Go through the listing below and gather every line with the word "Odrowąża".

↓

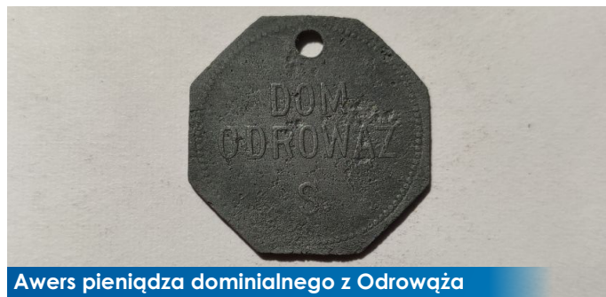
Awers pieniądza dominialnego z Odrowąża

Pieniądz dominialny na polskiej wsi przybierał różny wygląd pod względem kształtu, materiału i napisów. Dość często charakteryzowało go prymitywne wykonanie, czego nie można powiedzieć o prezentowanym egzemplarzu z Odrowąża. Niekiedy wykonywał je wiejski kowal z najprymitywniejszego i dostępnego materiału. Monety bite przez fachowe warsztaty i mennice były już wykonane z dbałością o detale. Wytwarzano je za
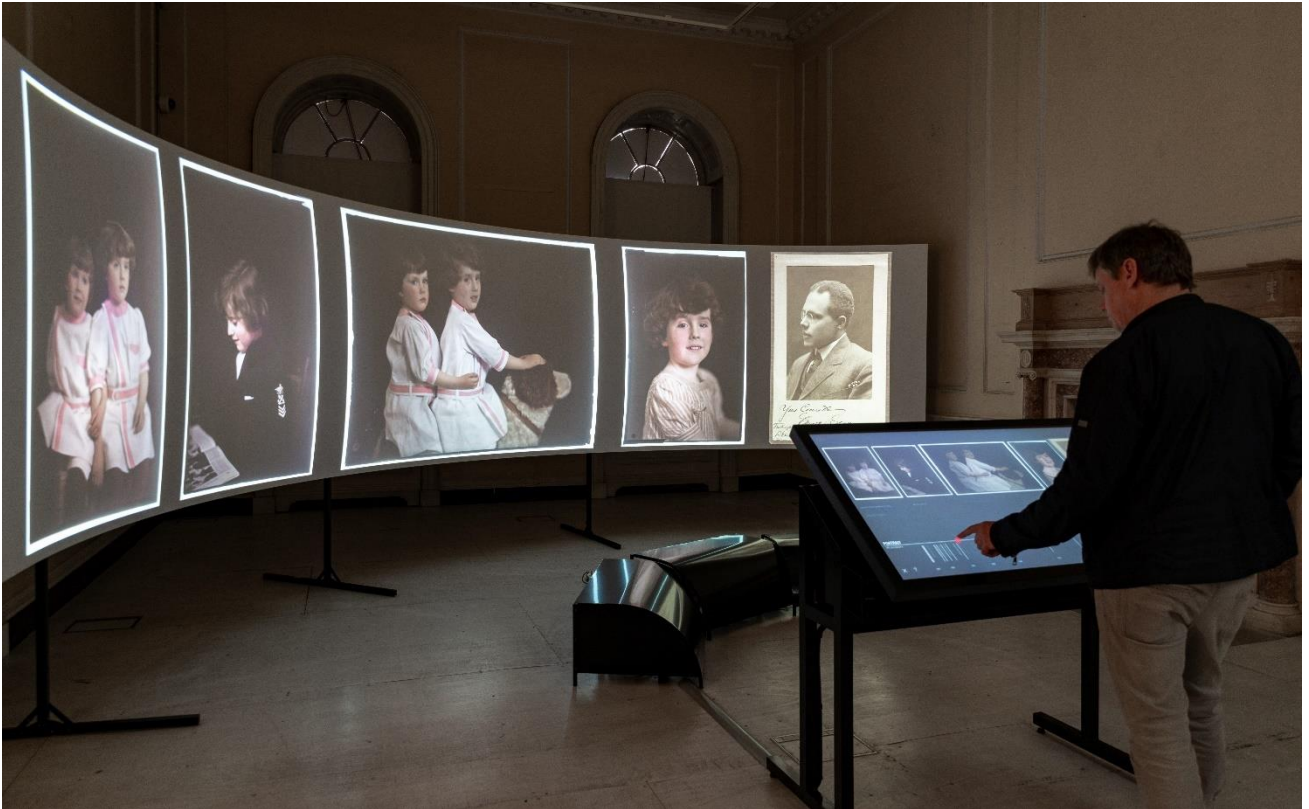
Système panoramique itinérant de présentation d'une collection photographique – Londres, 2018
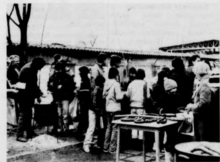
Tumultus a kóstolgatnivalók körül
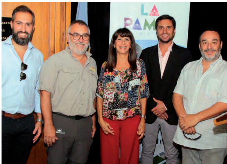
Anticiparon que se realizarán dos excursiones diarias en grupos de hasta 20 personas. La primera a las 06 de la mañana y la segunda a las 18 hs.
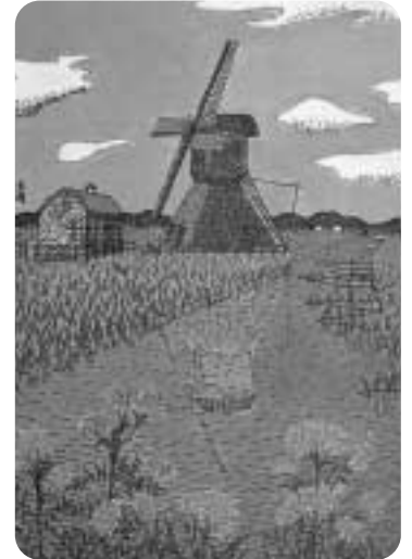
オランダの風車 水彩画/1961年 ©清美社

前売券販売所 四季彩館 フラワーランドとなみ 美術館 文化会館 庄川生涯学習センター サークルKサンクスほか
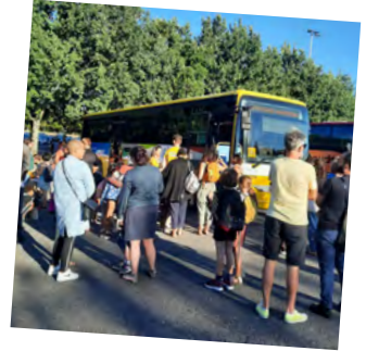
Séjours à l'international
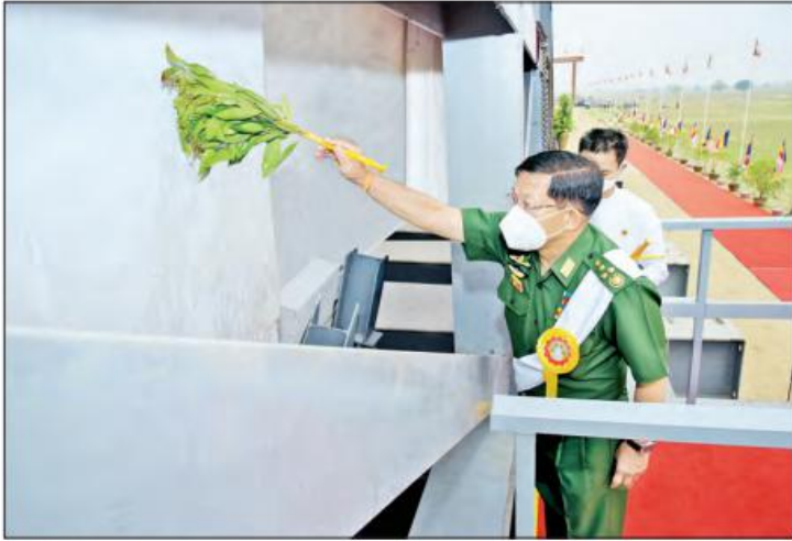
နိုင်ငံတော်စီမံအုပ်ချုပ်ရေးကောင်စီဥက္ကဋ္ဌ တပ်မတော်ကာကွယ်ရေးဦးစီးချုပ် ဗိုလ်ချုပ်မှူးကြီး မင်းအောင်လှိုင် ဘူမိဗေဒဗဟိုဌာန ထိုင်တော်မူ ကျောက်ဆစ်ဗုဒ္ဓရုပ်ပွားတော်မြတ်ကြီး၏ ဆင်းတုတော် အပိုင်း(၁)အား ပရိတ်နံ့သာရည်ဖြင့် ပက်ဖျန်းပူဇော်စဉ်။

တက်ရောက်ကြည့်ညို့ အခမ်းအနားသို့ မန္တလေးတိုင်းဒေသကြီး ချမ်းမြသာစည်မြို့နယ် ဓမ္မိကာရာမကျောင်းတိုက် ရတနာပုံကျောင်းဆရာတော် အဂ္ဂမဟာပဏ္ဍိတ ဘဒ္ဒန္တ သီဟနာဒနှင့် ငါနိုးစွန်မြို့နယ် သံဃနယက ဥက္ကဋ္ဌ ဘဒ္ဒန္တ မာဏိတတို့ အမှုပြုသည့် ဆရာတော်၊ သံဃာတော်များ ကြွရောက်ချီးမြှင့်တော်မူကြပြီး နိုင်ငံတော်စီမံအုပ်ချုပ်ရေးကောင်စီဥက္ကဋ္ဌ တပ်မတော် ကာကွယ်ရေးဦးစီးချုပ် ဗိုလ်ချုပ်မှူးကြီးမင်းအောင်လှိုင်၊ ကောင်စီဝင်များဖြစ်ကြသည့် ဗိုလ်ချုပ်ကြီး မောင်မောင်ကျော်၊ ဒုတိယဗိုလ်ချုပ်ကြီးမိုးမြင့်ထွန်း၊ ကောင်စီတွဲဖက်အတွင်းရေးမှူး ဒုတိယဗိုလ်ချုပ်ကြီး ရဲဝင်းဦး၊ သာသနာရေးနှင့် ယဉ်ကျေးမှုဝန်ကြီးဌာန ပြည်ထောင်စုဝန်ကြီးဦးကိုကို၊ ပညာရေးဝန်ကြီးဌာန ပြည်ထောင်စုဝန်ကြီး ဦးညွန့်ဖေ၊ ကျန်းမာရေးနှင့် အားကစားဝန်ကြီးဌာန ပြည်ထောင်စုဝန်ကြီး ကော်တာသက်နိုင်ဝင်း၊ မန္တလေးတိုင်းဒေသကြီး

↑

Your solution:
Awers pieniądza dominialnego z Odrowąża
Pieniądz dominialny na polskiej wsi przybierał różny wygląd pod względem kształtu, materiału i napisów. Dość często charakteryzowało go prymitywne wykonanie, czego nie można powiedzieć o prezentowanym egzemplarzu z Odrowąża. Niekiedy wykonywał je wiejski kowal z najprymitywniejszego i dostępnego materiału. Monety bite przez fachowe warsztaty i mennice były już wykonane z dbałością o detale. Wytwarzano je za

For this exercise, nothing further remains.